* [EXERCISE DETAILS]: The answer must be the full listing, word for word, with no pictures in it.

* [EXERCISE DATA]:
■ ■ ■ ■ ■ ■ ■

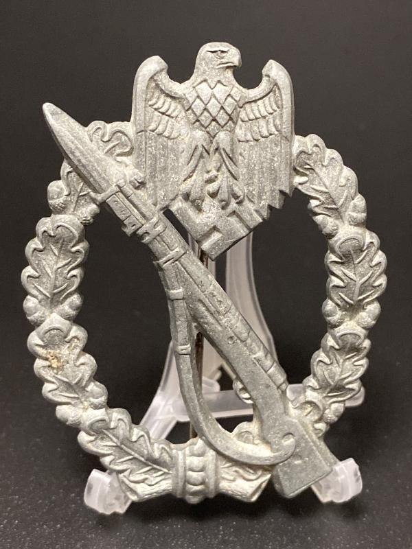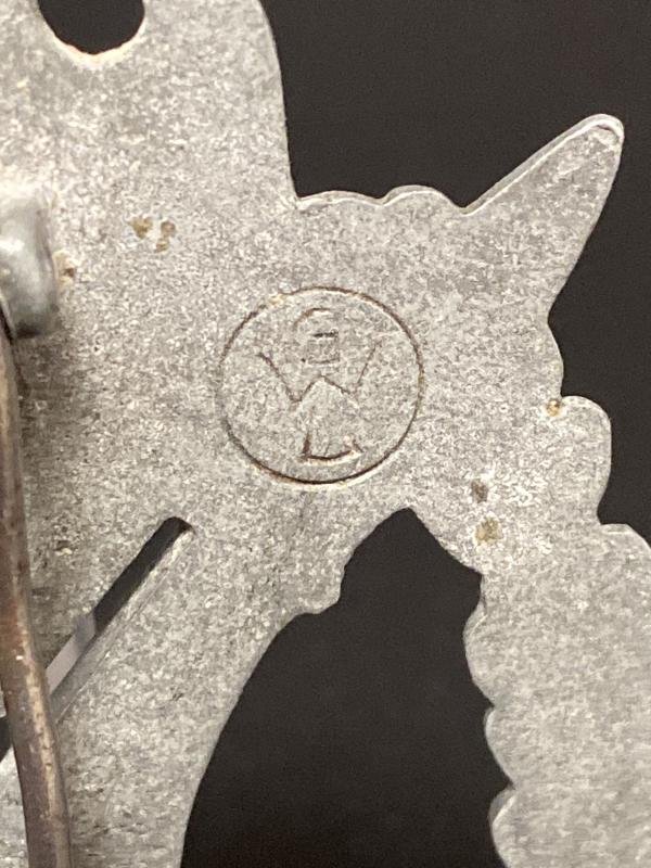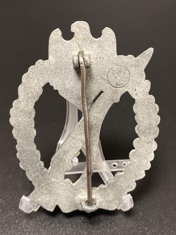 Original Silver Infantry Assault Badge made by GWL with makers mark present. Some of the silver finish remains. Correct pin, hinge and hook assembly for the factory.
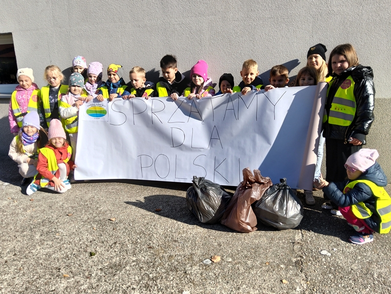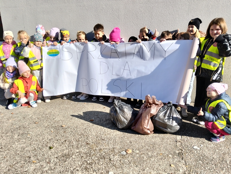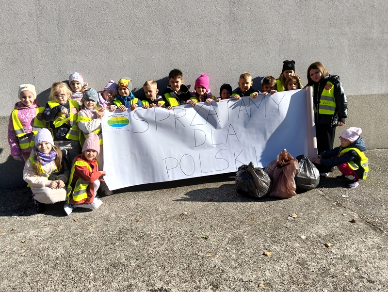 3 października dzieci przystąpiły do X Edycji #SprzątamyDlaPolski# - wszystkie przedszkolaki ochoczo ruszyły do sprzątania terenu przyległego do szkoły. Akcja została objęta Honorowym Patronem Prezydenta Rzeczpospolitej Polskiej Karola Nawrockiego.
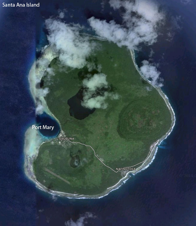 Santa Ana was first by Europeans was by the Spanish expedition of Álvaro de Mendaña in 1568. It is a raised coral atoll 5.6 km long and 4. 5 km wide. The island has two main villages Gupuna (or Ghupuna) and Nafinotoga. The island was visited by Austrian anthropologist and photographer Hugo Bernatzik in 1932. Bernatzik carefully documented daily life among the island people and published an ethnography a few years later. He also took some of the best and earliest photographs of the islanders, reflecting a culture that he deemed was dying in contact with the modern world. During his stay Bernatzik met Heinrich Küper, a German adventurer who lived in Gupuna village. Küper was married to a respectable local woman, Kafagamurirongo, and was the only white who ever reached the arafa (high person) status within a Melanesian community. Küper's grandchildren still live on the island.
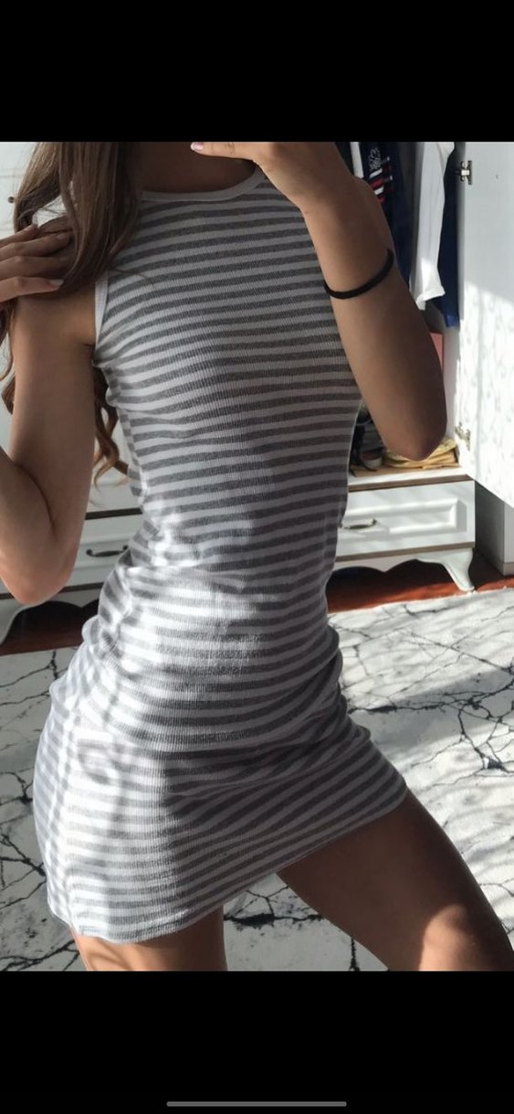 Yüksek yakalı, kolu olmayan, gri çizgili, vücuda oturan midi elbise. Pürüzsüz sentetik kumaştan yapılmış, gündelik sokak stili için zahmetsiz şıklık sunar.

■ ■ ■ ■ ■ ■ ■

* [EXERCISE RESPONSE]:
 Original Silver Infantry Assault Badge made by GWL with makers mark present. Some of the silver finish remains. Correct pin, hinge and hook assembly for the factory.
 3 października dzieci przystąpiły do X Edycji #SprzątamyDlaPolski# - wszystkie przedszkolaki ochoczo ruszyły do sprzątania terenu przyległego do szkoły. Akcja została objęta Honorowym Patronem Prezydenta Rzeczpospolitej Polskiej Karola Nawrockiego.
 Santa Ana was first by Europeans was by the Spanish expedition of Álvaro de Mendaña in 1568. It is a raised coral atoll 5.6 km long and 4. 5 km wide. The island has two main villages Gupuna (or Ghupuna) and Nafinotoga. The island was visited by Austrian anthropologist and photographer Hugo Bernatzik in 1932. Bernatzik carefully documented daily life among the island people and published an ethnography a few years later. He also took some of the best and earliest photographs of the islanders, reflecting a culture that he deemed was dying in contact with the modern world. During his stay Bernatzik met Heinrich Küper, a German adventurer who lived in Gupuna village. Küper was married to a respectable local woman, Kafagamurirongo, and was the only white who ever reached the arafa (high person) status within a Melanesian community. Küper's grandchildren still live on the island.
 Yüksek yakalı, kolu olmayan, gri çizgili, vücuda oturan midi elbise. Pürüzsüz sentetik kumaştan yapılmış, gündelik sokak stili için zahmetsiz şıklık sunar.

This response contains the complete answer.